1. Introduction

In this tutorial, we’ll understand the discipline of statistics and how it is a valuable tool in data science. We’ll begin by exploring general concepts and classifications of statistics and proceed to cover some of the popular statistical tools of interest in machine learning.

Statistics is developing and studying methods for collecting, analyzing, interpreting, and presenting data. More particularly, statistics is concerned with using data for decision-making in the context of uncertainty.

2. Basic Concepts in Statistics

Before we understand how statistics plays a vital role in machine learning, we must go through some of the fundamental concepts in statistics. These concepts form the basis of any statistical analysis, and we’ll often hear about them.

2.1. Population and Sample

The application of statistics starts with a statistical population, which represents a set of similar items or events that interest some question or experiment. For instance, “all people living in a country” or “every atom composing a crystal”:

Population Sample

If a population is large, statisticians often choose a subset of the population, called a statistical sample. For instance, “a thousand residents of a country”. Of course, we must be careful to choose an unbiased sample that accurately models the population.
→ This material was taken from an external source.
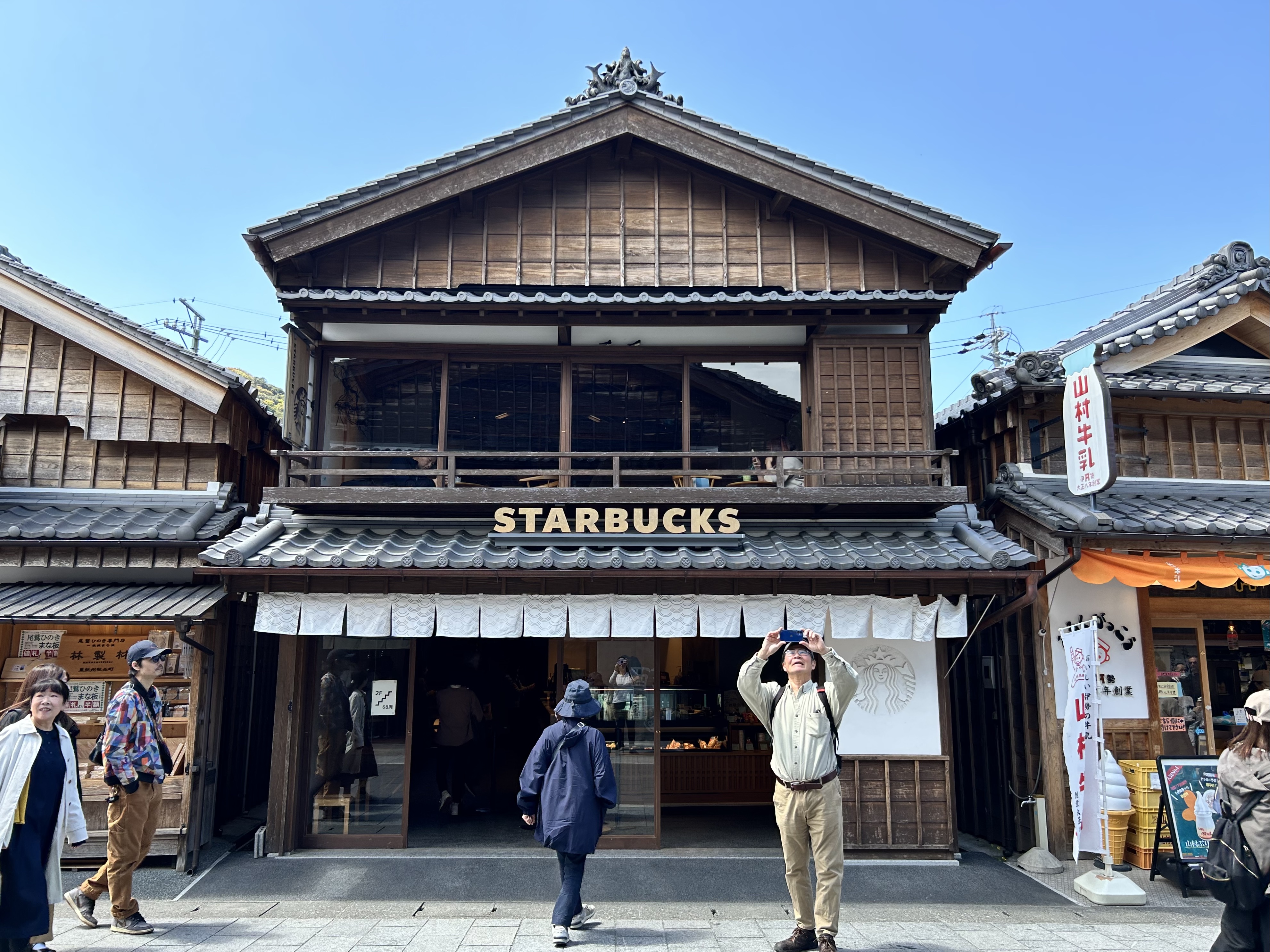 But first! Before getting to Ise Jingu itself we got very sidetracked wandering around in the shopping streets that lead up to the shrine, called Ohairi Machi. This busy pedestrian area is lined with traditionally-styled shops from the Edo period, with loads of food, drinks, snacks, and souvenirs, and a Starbucks!

2.2. Probability Distribution

Probability distribution is an important concept in statistics as it helps us to describe the populations of real-life variables, like the age of every individual in a city. It’s a mathematical function that gives the probabilities of the occurrence of different possible outcomes for an experiment:

Probability DistributionThe variable in consideration can be discrete or continuous. Hence, the probability distribution can be described by a probability mass function or a probability density function. Some popular probability distributions include the Standard distribution and the Binomial distribution.

2.3. Central Limit Theorem

Central Limit Theorem (CLT) states that for independent and identically distributed random variables, the sampling distribution of the standardized mean tends towards the standard normal distribution even if the original variables themselves are not normally distributed:

Central Limit Theorem

There have been several variations of CLT proposed over time. However, it remains a fundamental concept in the statistical analysis of data. This is because it helps estimate the population’s characteristics based on samples taken from it.

3. Methods of Statistical Analysis

We can use two main methods for statistical analysis of the sample data drawn from a population – descriptive statistics and inferential statistics. While descriptive statistics aims to summarize a sample, inferential statistics use that sample to learn about the population.

3.1. Descriptive Statistics

Descriptive statistics is the process of using and analyzing the summary statistic that quantitatively describes or summarizes features from a sample. Descriptive analytics provide simple summaries of the sample in the form of quantitative measures or visual graphs.

Some measures we often use to describe a data set include measures of central tendency, variability or dispersion, and actions of the shape of a probability distribution. Then several statistical graphic techniques further aid in visually describing the data set.

Descriptive statistics techniques are pretty helpful in performing empirical and analytical data analysis. In fact, exploratory data analysis (EDA) is an approach to analyzing data sets that package a collection of different summarization techniques.

3.2. Inferential Statistics

Inferential statistics is the process of using data analysis to infer the properties of a population. Here, we assume the observed data set is sampled from a larger population. Inferential statistics is based on probability theory, which deals with the analysis of random phenomena.

A statistical inference requires some assumptions. Thus, a statistical model is a set of beliefs concerning generating the observed data.  Statistically, statisticians use many levels of modelling assumptions, for instance, fully parametric, non-parametric, and semi-parametric.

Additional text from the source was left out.